Bortkiewicz, Skrjabin e Castelnuovo-Tedesco nella prima parte, Listz nella seconda, al termine della quale, tra applausi e ovazioni, ha concesso anche il bis. È stata una serata trionfale per Alfonso Soldano, 32enne pianista tranese, che nei giorni scorsi ha tenuto un concerto solista sul prestigioso palcoscenico del teatro Giordano, a Foggia. Per lui un ulteriore tassello in un mosaico, sempre più pregevole, che sta concorrendo a formare una carriera di tutto rispetto, grazie soprattutto alle sue innate abilità virtuosistiche ed alla solida e raffinata preparazione stilistica.

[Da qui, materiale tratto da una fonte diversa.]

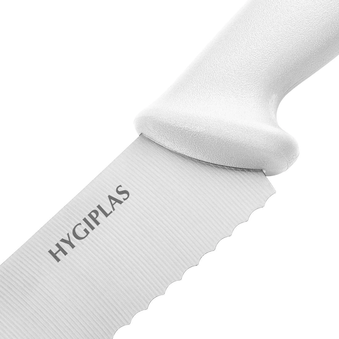 This serrated slicer knife by Hygiplas has a blade which is made from the finest stainless steel and also features a colour coded dishwasher proof handle. This knife has a white handle which means it’s suitable for cutting bakery and dairy products.
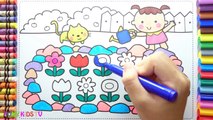 How to Drawing Baby Girl and Gardens Colorful for Children - Coloring Pages Videos For Kids
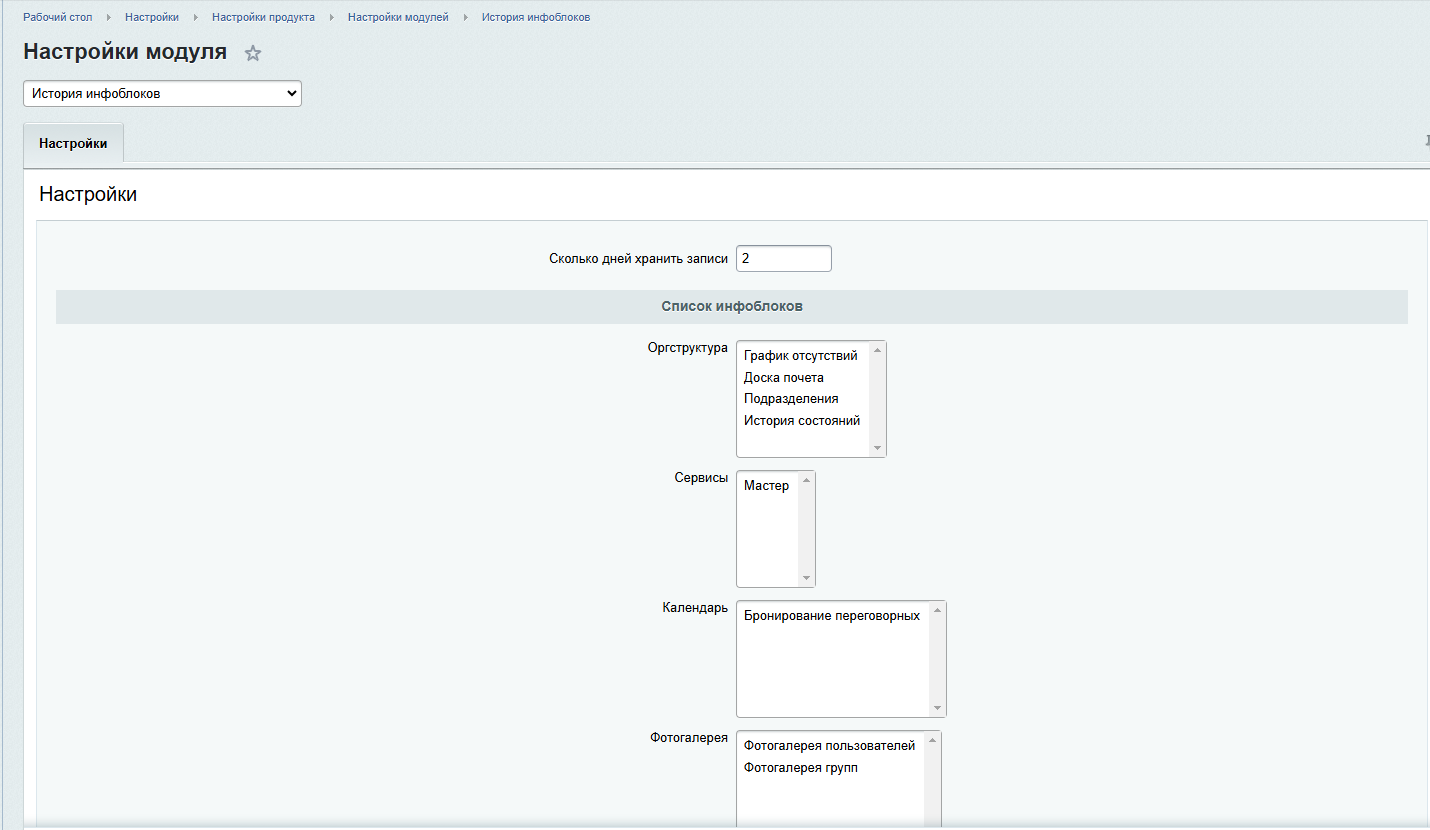 В настройках модуля можно указать, какие элементы будут отслеживаться, а также настроить время хранения записей изменения истории.
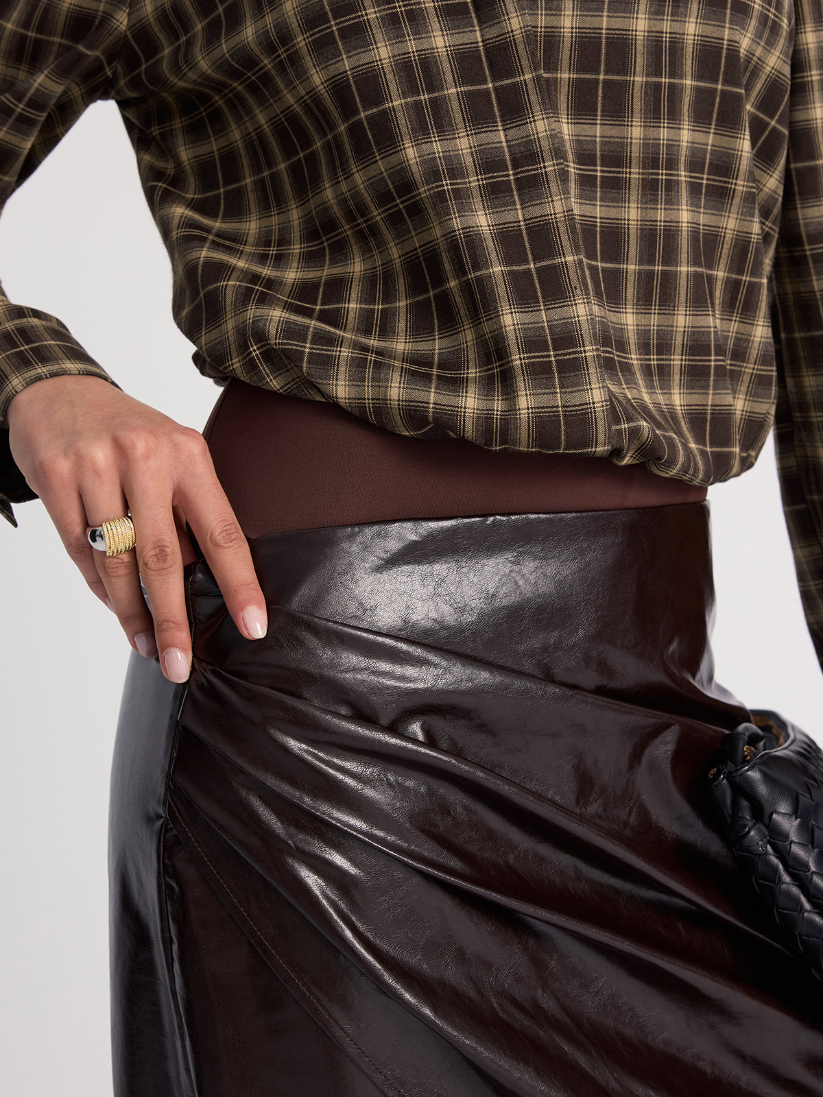 a-none,bodysuits,brown,casual,clothing,coll:tops,collar,corpcore,fall,in_six_month,lingerie,long sleeve,minegence,no,non-stretch,not_low_sales,oa251011026,photo_model,regular,regular fit,tops,winter,women,woven fabric
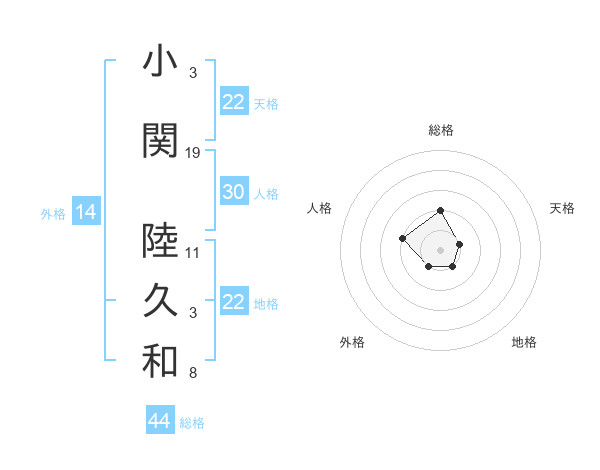 小関 陸久和さんを姓名の画数から五運を鑑定

Nato a Bari nel 1986, Alfonso Soldano è figlio d'arte. Sua madre, Cinzia Falco, è docente di conservatorio ed è l'anima dell'associazione musicale Domenico Sarro. Suo padre, il compianto Vincenzo, ne fu a lungo il presidente. La passione per il pianoforte si estende anche alla sua compagna, Stefania Argentieri, con la quale ha all'attivo un duo pianistico stabile.
I suoi maestri sono stati Pierluigi Camicia e, soprattutto, il grande Aldo Ciccolini, con il quale ha avuto il privilegio di perfezionarsi come pochi. Un altro mentore cui deve tanto è Ovidiu Balan, direttore della Filarmonica rumena di Bacau, con cui sta terminando la produzione della Integrale delle opere per pianoforte e orchestra di Sergej Rachmaninov, uno dei suoi compositori preferiti. Tanto è vero che Soldano, recentemente, ha riscosso un gran successo di pubblico e critica con la sua interpretazione del terzo concerto di Rachmaninov, opera 30, nell'ambito del Festival George Eunescu, a Bucarest.

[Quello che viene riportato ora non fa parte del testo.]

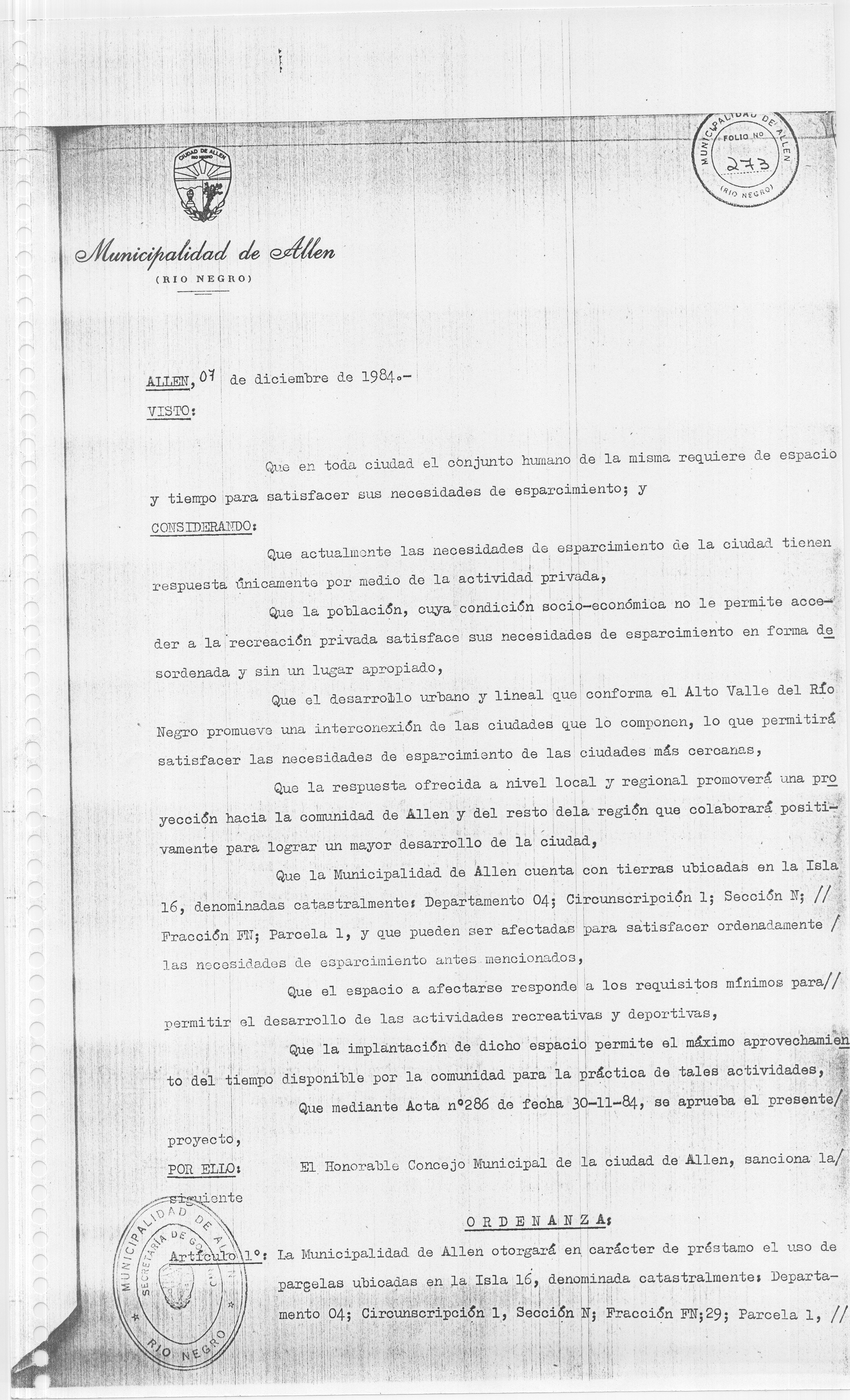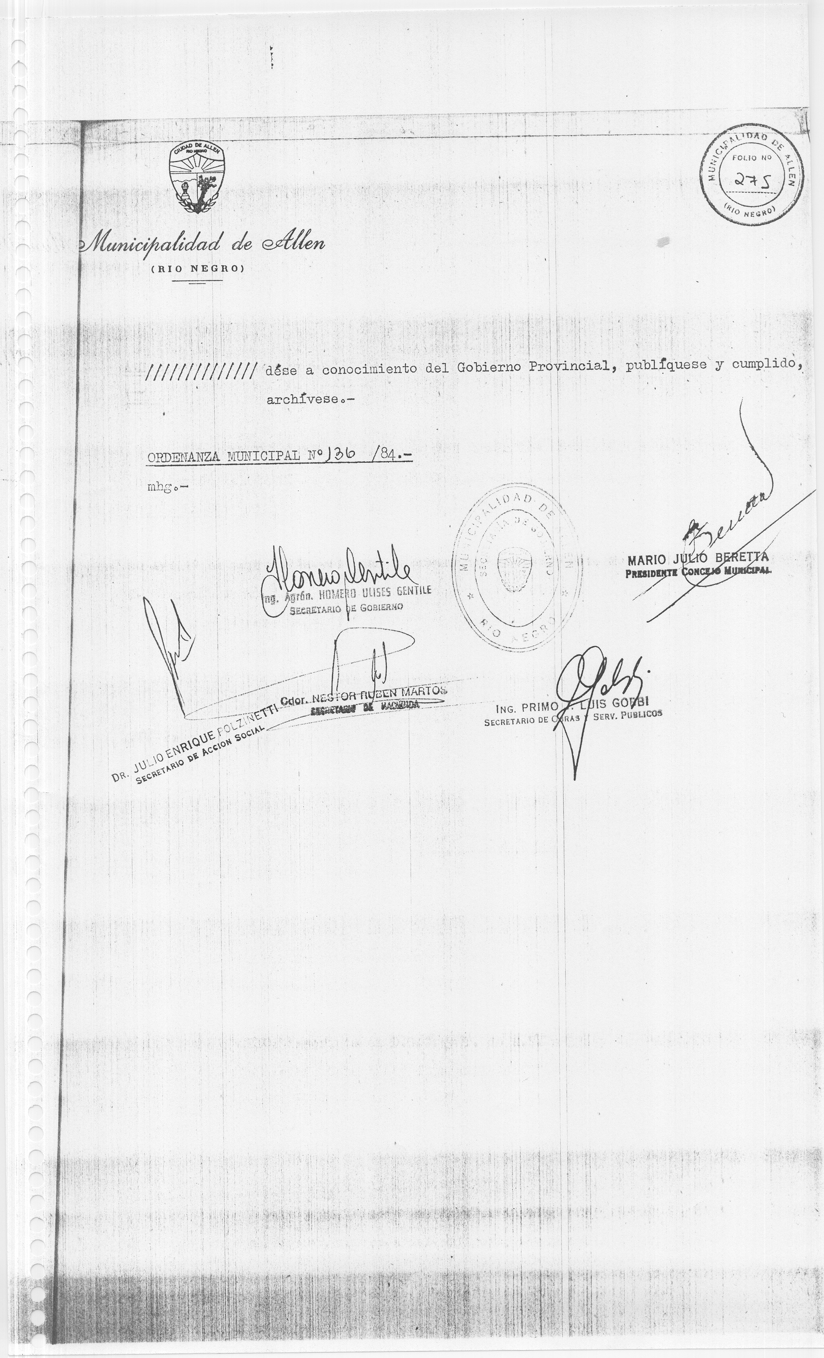Usted seleccionó listar los archivos adjuntos de la ORDENANZA N° 136/84.

Numerosi, peraltro, i riconoscimenti guadagnati in tutti questi anni nonostante la giovane età. L'ultimo, a Roma, il premio internazionale, con medaglia d'oro, Maison des artistes 2013, nell'aula magna dell'Università La Sapienza, per meriti artistici. Inoltre, Soldano è il biografo del compositore ucraino Sergej Bortkiewicz, con la Florestano edizioni, ed è questa la motivazione della scelta di aprire il concerto di Foggia con la Lirica nova, opera 59, di quell'autore.

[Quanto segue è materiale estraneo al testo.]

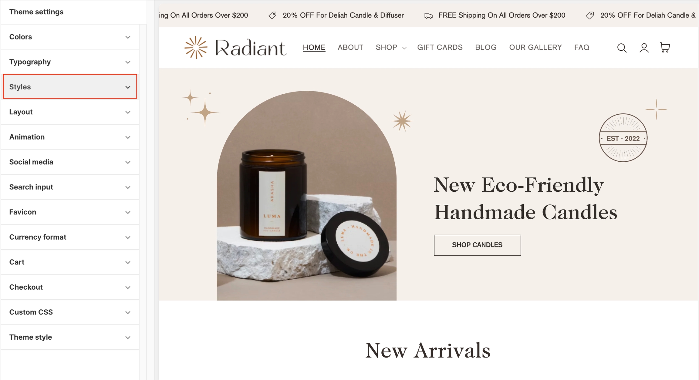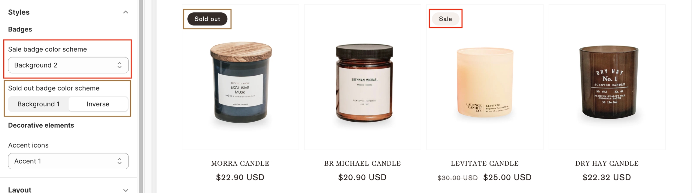 The "Styles" settings enable you to change the colors of the Sale and Sold Out badges.
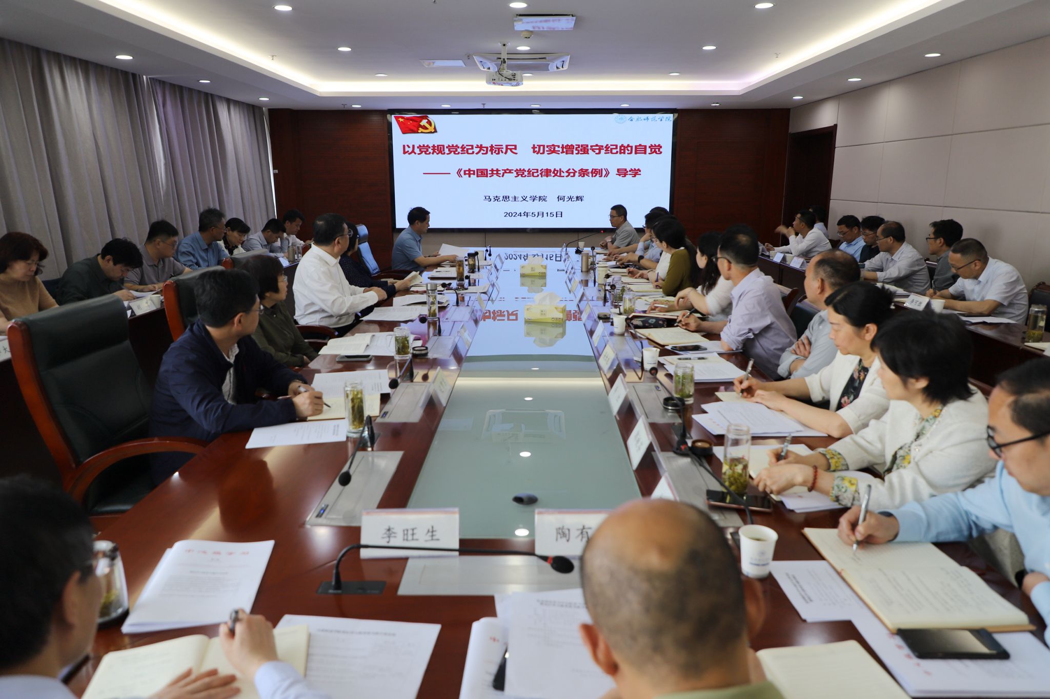 5月15日上午,学院在行知楼2008会议室举行党委理论学习中心组扩大学习会暨党纪学习教育读书班开班式。党委书记徐成钢主持会议并作开班动员讲话。党委理论学习中心组成员,各院系级党委(党总支、直属党支部)书记,各学院院长,各部门主要负责人参会。

Attualmente Alfonso Soldano è docente accademico di pianoforte principale presso il Conservatorio Paisiello, di Taranto, dopo avere insegnato anche a Roma, Teramo e Lecce. È direttore artistico della fondazione European arts academy Aldo Ciccolini, di Trani, ed è l'unico italiano che incide per la Divine art record, che è una delle principali etichette degli Stati Uniti, ed i suoi dischi hanno ottenuto recensioni a cinque stelle dai «major magazine» di quindici paesi, tra cui Stati Uniti, Canada, Inghilterra Germania e, ovviamente Italia. Il suo cd dedicato a Castelnuovo-Tedesco, altro autore suonato a Foggia con Voce lontana, da Piedigrotta, e Valzer, da Alt Wien, è stato inserito nella lista dei dieci migliori cd del 2017.